Law of Partial Pressures
Dalton created a Law of Partial Pressures. His theory that the chemical makeup of air was not a chemical solvent, but that it was mechanical. A system of small individual particles that used pressure that was applied to each gas independently.
These experiments led Dalton to the discovery that the total pressure of a mixture of gases amounted to the sum of the partial pressures that each individual gas exerted while occupying the same space.
Atomic Theory
Working with gases eventually led Dalton to assert that every form of matter (solid, liquid or gas) was also made up of small individual particles. He defined each particle as "atomos" or "atoms". He then created the first chart of atomic weights in 1803, writing for the Manchester Literary and Philosophical Society.

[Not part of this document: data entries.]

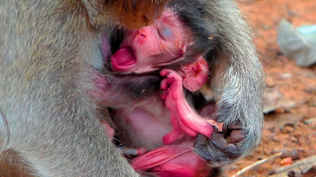 In the heart of the forest, a tiny baby monkey was seen letting out soft, pitiful cries that echoed through the trees. The little one’s fragile voice seemed to tremble, as if calling for comfort without fully understanding the reason behind its own sadness. It was not hunger, nor was it fear, but rather the natural vulnerability of a newborn who still struggles to adjust to the big, unfamiliar world around it.
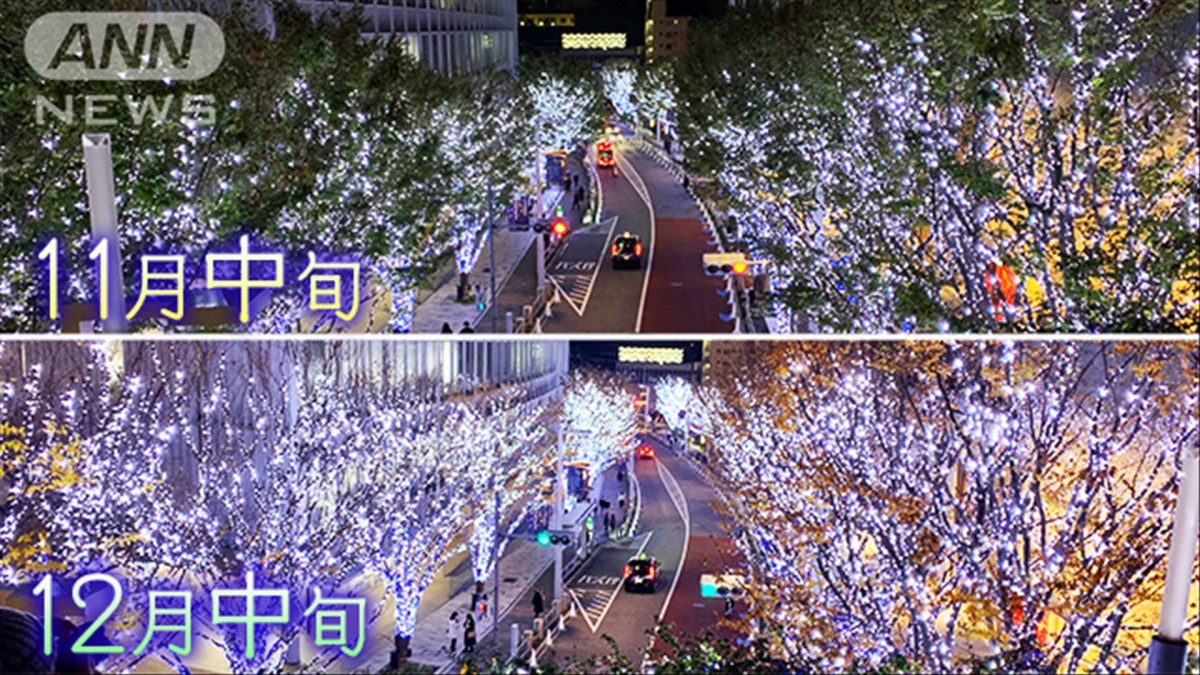 実際に2年前、東京・六本木のけやき坂通りのイルミネーションを時期をずらして同じ位置から写真を撮ってみました。
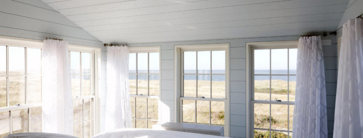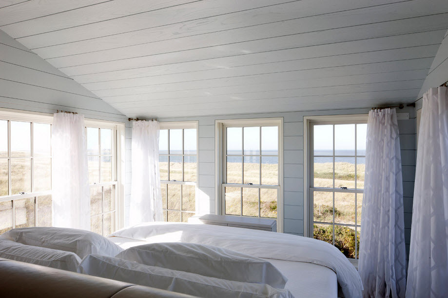 С целью визуального увеличения пространства рекомендуется использовать низкую мебель (кровать, прикроватные тумбочки). В совокупности с длинными, почти от потолка, шторами, этот прием позволит зрительно увеличить высоту вашей спальни.
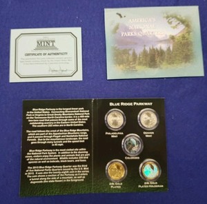 Cuartos de galón ATB 2016 coloreados/chapados EE. UU. Juego de 5 monedas Parks con cápsulas ~ L👀K 10,60 EUR
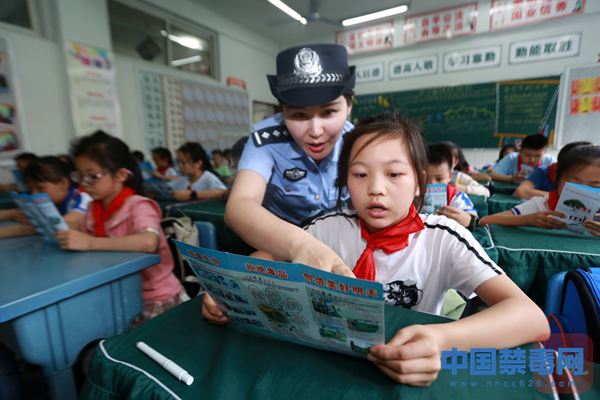 图为民警正在向学生们普及禁毒相关知识。 中国禁毒网发
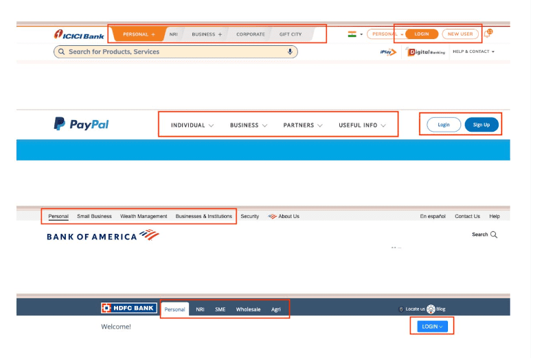 For example, there is a reason why most of the top banking websites have Personal/Business type categories and the Login/SignUp option right at the top within the header section.
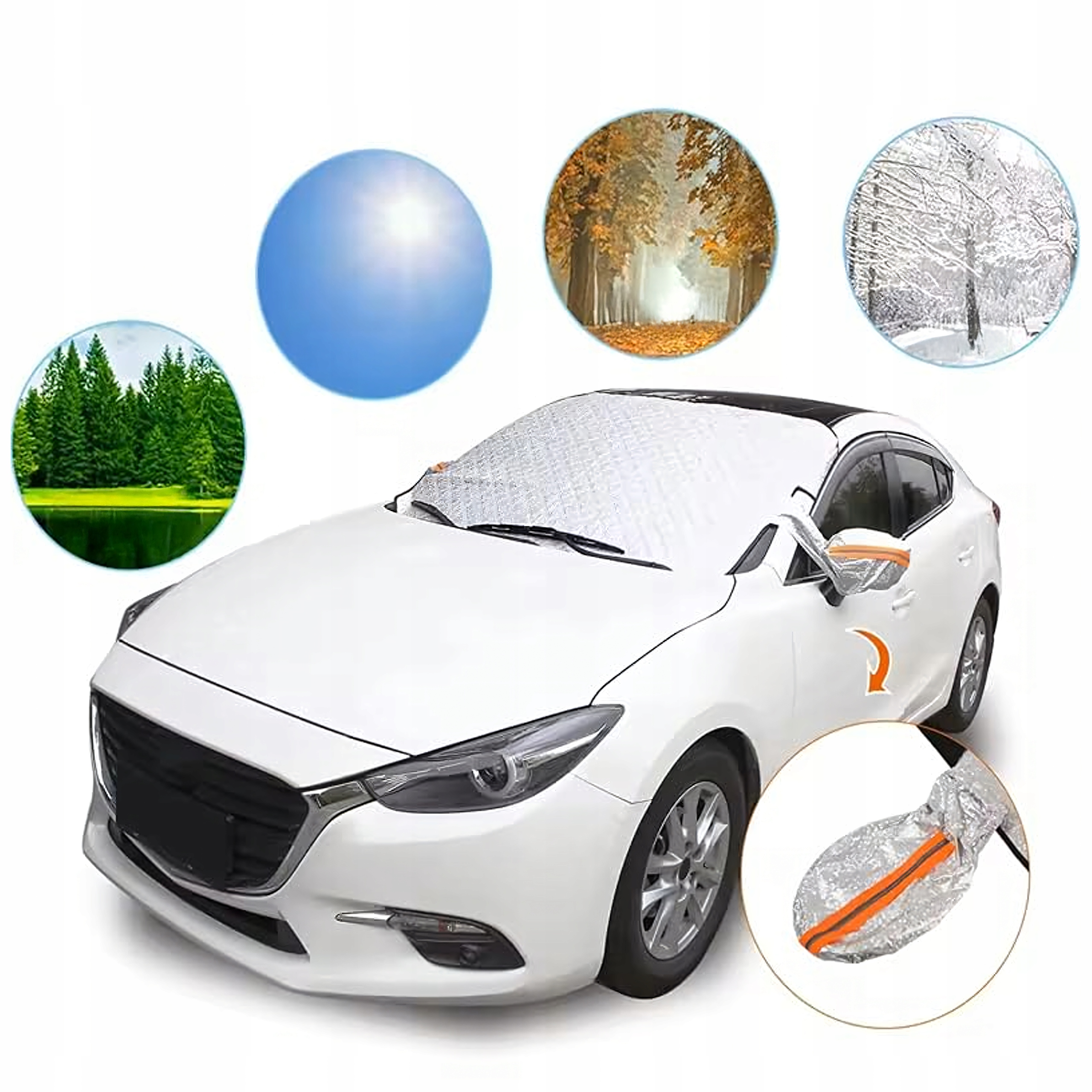 Главная Аксессуары Защитный коврик/накладка на лобовое стекло и зеркала автомобиля, 235 см.
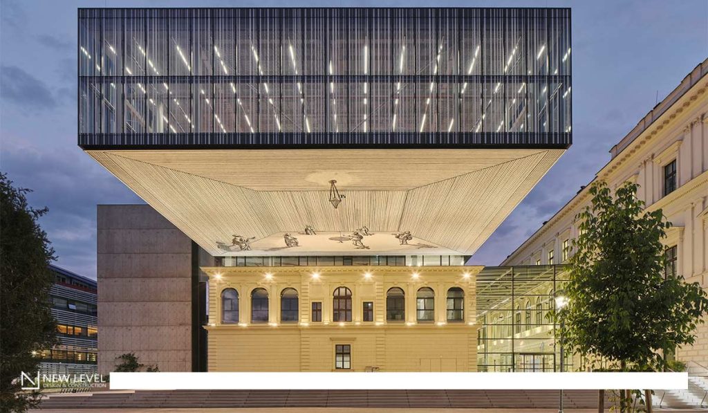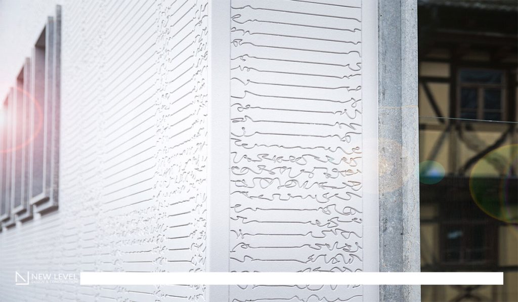 بخش الحاق (گسترش ساختمان) با زبان معماری مدرن از ساختمان قدیمی متمایز شده است، اما همزمان جزئی طبیعی و یکپارچه از توپوگرافی موجود محسوب میشود. برای ایجاد تمایز بین این دو عنصر، از گچ نما سفارشی استفاده شد که فاقد سیمان، مقاوم در برابر آب و شرایط جوی است و امکان ایجاد بافت سطحی متمایز با مزایای کاربردی را فراهم میکند.
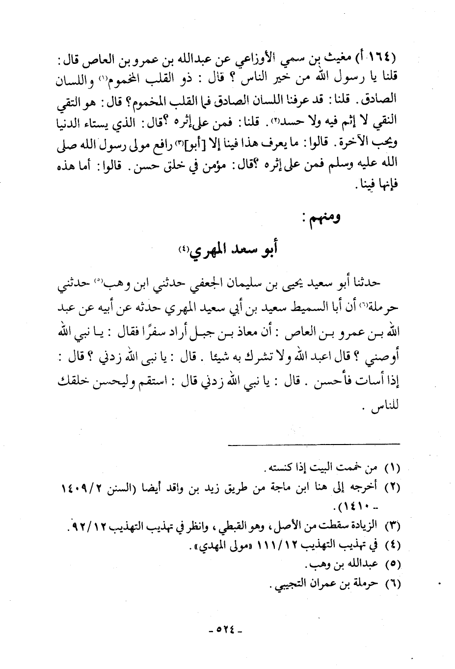 (164 أ) مُغِيثُ بْنُ سُمَيٍّ الْأَوْزَاعِيُّ عَنْ عَبْدِ اللَّهِ بْنِ عَمْرِو بْنِ الْعَاصِ قَالَ: قُلْتُ يَا رَسُولَ اللَّهِ مَنْ خَيْرُ النَّاسِ؟ قَالَ: ذُو الْقَلْبِ الْمَخْمُومِ [1] وَاللِّسَانِ الصَّادِقِ. قُلْنَا: قَدْ عَرَفْنَا اللِّسَانَ الصَّادِقَ فَمَا الْقَلْبُ الْمَخْمُومُ؟ قَالَ: هُوَ التَّقِيُّ النَّقِيُّ لَا إِثْمَ فِيهِ وَلَا حَسَدٌ [2] . قُلْنَا: فَمَنْ عَلَى أثْرِهِ؟ قَالَ: الَّذِي يَسْتَاءُ الدُّنْيَا وَيُحِبُّ الْآخِرَةَ. قَالُوا: مَا يَعْرِفُ هَذَا فِينَا إِلَّا [أَبُو] [3] رَافِعٍ مَوْلَى رَسُولِ اللَّهِ صَلَّى اللَّهُ عَلَيْهِ وَسَلَّمَ فَمَنْ عَلَى أثْرِهِ؟ قَالَ: مُؤْمِنٌ فِي خُلُقٍ حَسَنٍ. قَالُوا: أَمَّا هذه فأنها فينا.

A book published in 1808 called A New System of Chemical Philosophy, was a further insight into the atomic weights of particles. Dalton was the first scientist to explain the behaviour of atoms in terms of measurement of weight. He also noted that atoms could not be created or destroyed.
Later Life & Death
Between 1817 to the day he died, Dalton was president of the Manchester Literary and Philosophical Society. In 1832, he accepted, albeit begrudgingly, an honorary Doctorate of Science degree from the prestigious Oxford University. In ironic fashion, the robe he had to wear was red.
Dalton stayed away from the public eye in later life, and turned down opportunities and positions that would put him in the spotlight. In 1837 he had a stroke and trouble with his speech for his remaining life. He died a few years later in 1844.